## EXERCISE
Write the data below out exactly as it stands. Do not include the pictures.

## RAW DATA
=== Section Start ===
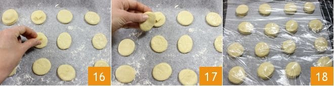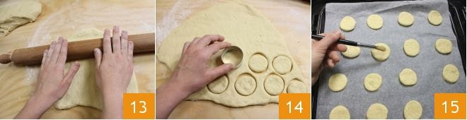 Rollt das erste Stück mit einem Nudelholz zu einem halben Zentimeter dicken Teigblatt aus 13 und stecht mit einem Ausstecher mit einem Durchmesser von 5 cm 20 Kreise aus 14. Legt sie auf ein mit Backpapier bedecktes und leicht bemehltes Backblech oder Tablett. Bestreicht sie mit dem Eiweiß 15 und
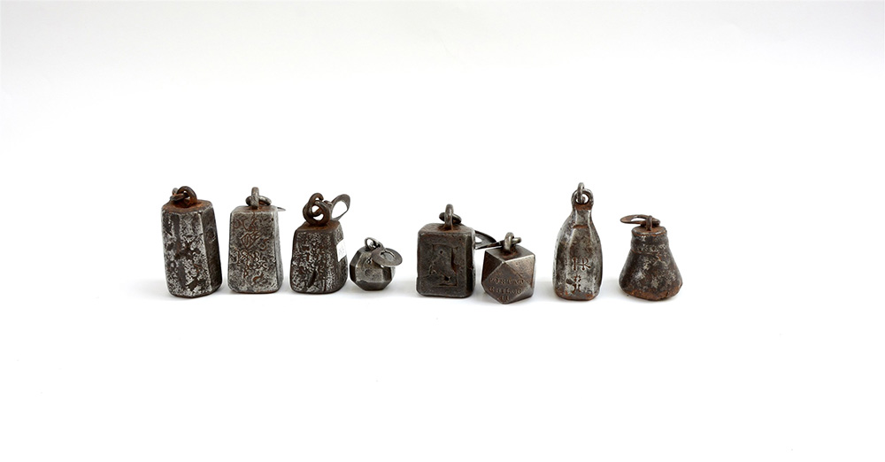 Lotto composto da otto pesi da staderina in ferro-ENEight iron weights
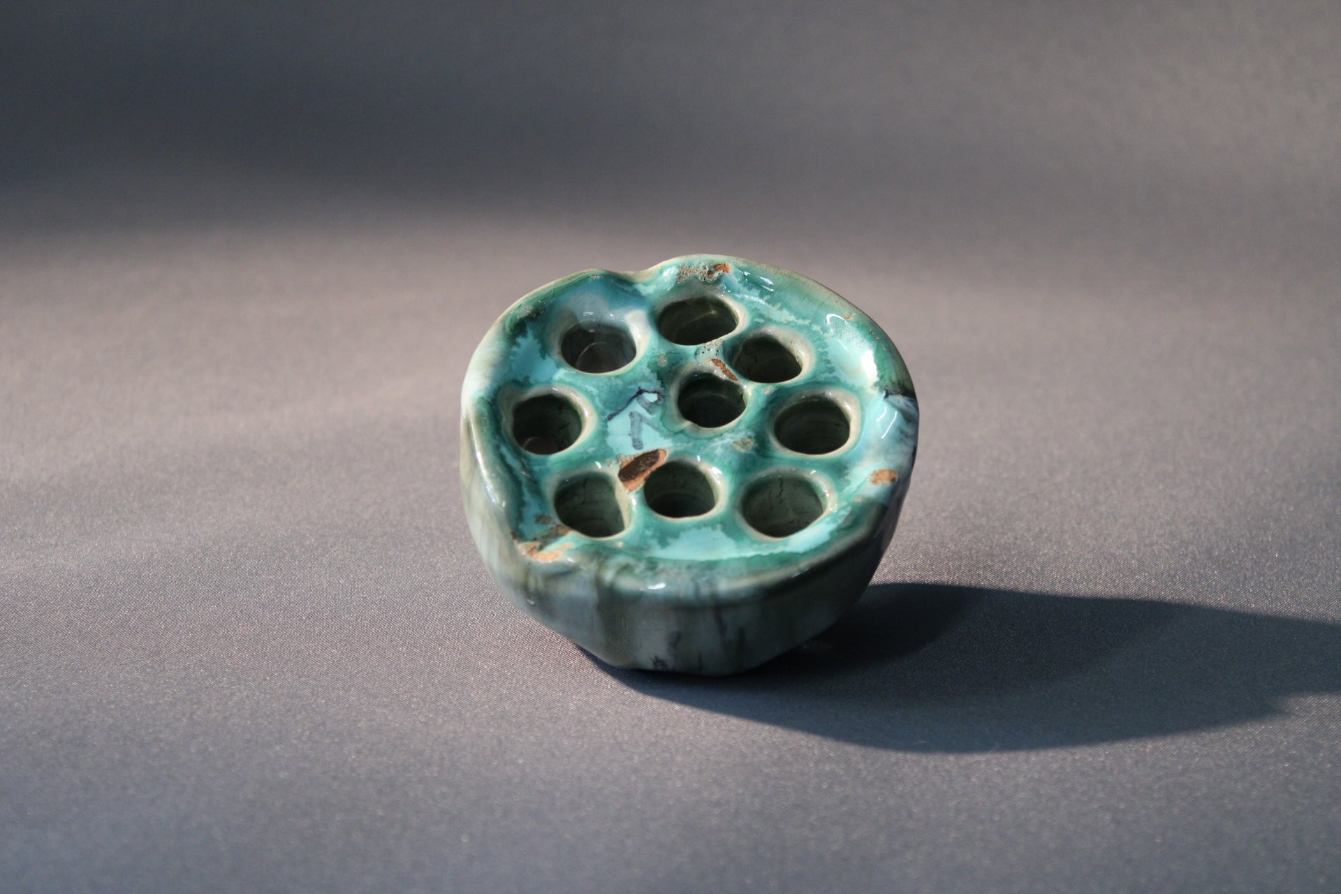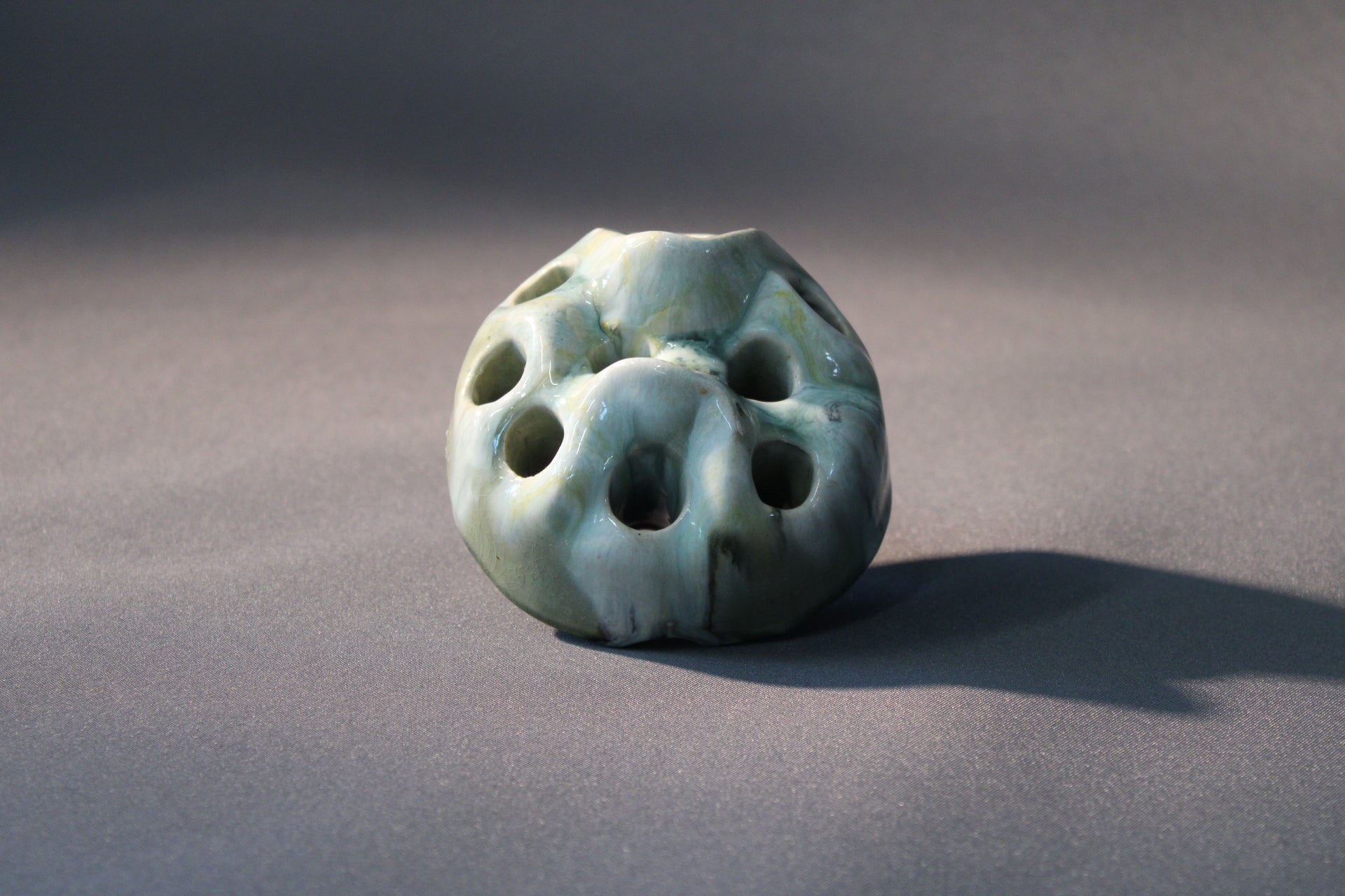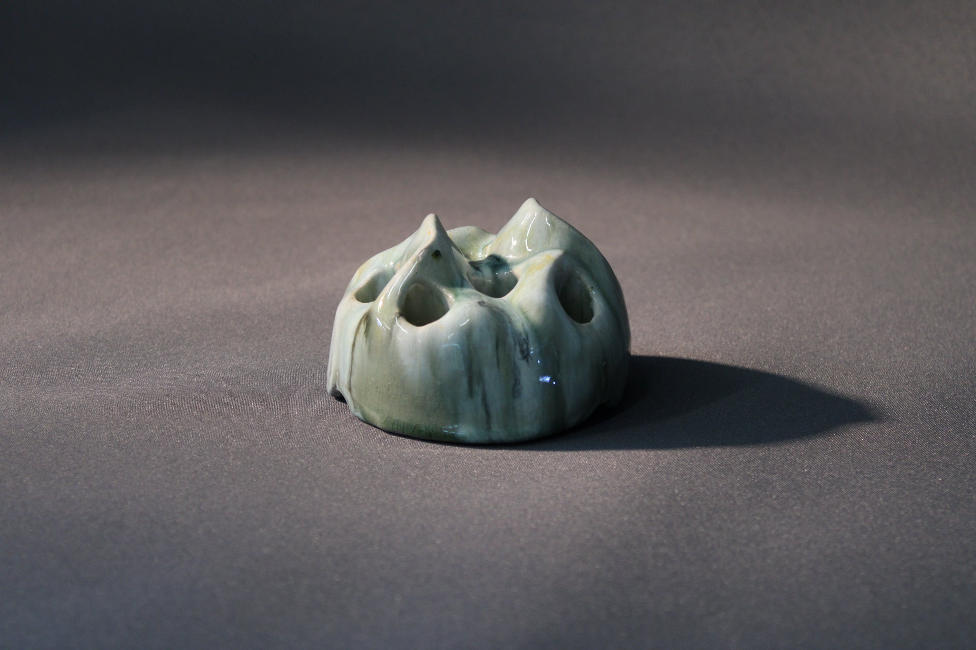 Tämä Kupittaan Saven valmistama kukkasiili on ainutlaatuinen yhdistelmä funktionaalisuutta ja veistoksellista muotoilua. Kukkasiilin vuoristomainen, virtaava pinta ja vihreän eri sävyt tekevät siitä kiinnostavan katseenvangitsijan niin pöydällä, hyllyllä kuin asetelmien keskellä.
=== Section End ===
## SOLUTION TO THE PROBLEM
 Rollt das erste Stück mit einem Nudelholz zu einem halben Zentimeter dicken Teigblatt aus 13 und stecht mit einem Ausstecher mit einem Durchmesser von 5 cm 20 Kreise aus 14. Legt sie auf ein mit Backpapier bedecktes und leicht bemehltes Backblech oder Tablett. Bestreicht sie mit dem Eiweiß 15 und
 Lotto composto da otto pesi da staderina in ferro-ENEight iron weights
 Tämä Kupittaan Saven valmistama kukkasiili on ainutlaatuinen yhdistelmä funktionaalisuutta ja veistoksellista muotoilua. Kukkasiilin vuoristomainen, virtaava pinta ja vihreän eri sävyt tekevät siitä kiinnostavan katseenvangitsijan niin pöydällä, hyllyllä kuin asetelmien keskellä.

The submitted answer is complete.